## Task details:
Starting at the line below with "- Fancy Tussar" and stopping at the line with "FEATURES— A sleek", please print each line exactly, those two included, and skip every picture.

## Available data:

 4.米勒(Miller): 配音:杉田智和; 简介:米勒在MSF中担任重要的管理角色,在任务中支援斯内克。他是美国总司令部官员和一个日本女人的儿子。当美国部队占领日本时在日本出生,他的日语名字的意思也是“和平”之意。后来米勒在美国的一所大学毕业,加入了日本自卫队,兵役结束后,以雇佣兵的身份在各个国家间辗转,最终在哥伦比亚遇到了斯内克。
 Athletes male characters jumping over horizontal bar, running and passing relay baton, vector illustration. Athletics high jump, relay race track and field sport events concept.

---

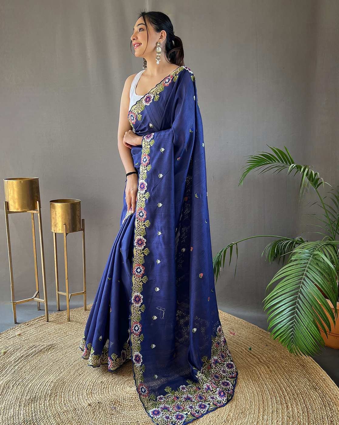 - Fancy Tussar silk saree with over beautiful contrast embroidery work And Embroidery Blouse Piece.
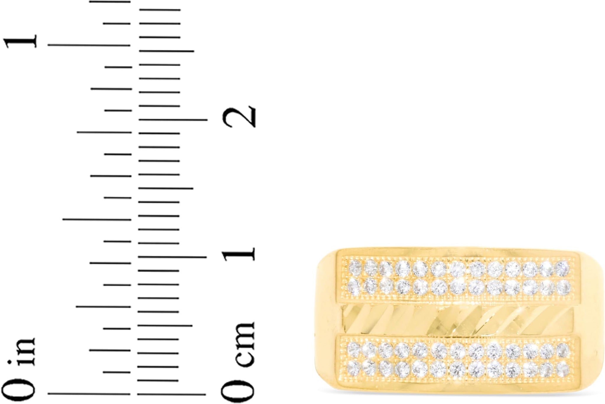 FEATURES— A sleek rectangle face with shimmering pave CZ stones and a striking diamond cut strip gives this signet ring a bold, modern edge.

## Exercise output:
 - Fancy Tussar silk saree with over beautiful contrast embroidery work And Embroidery Blouse Piece.
 FEATURES— A sleek rectangle face with shimmering pave CZ stones and a striking diamond cut strip gives this signet ring a bold, modern edge.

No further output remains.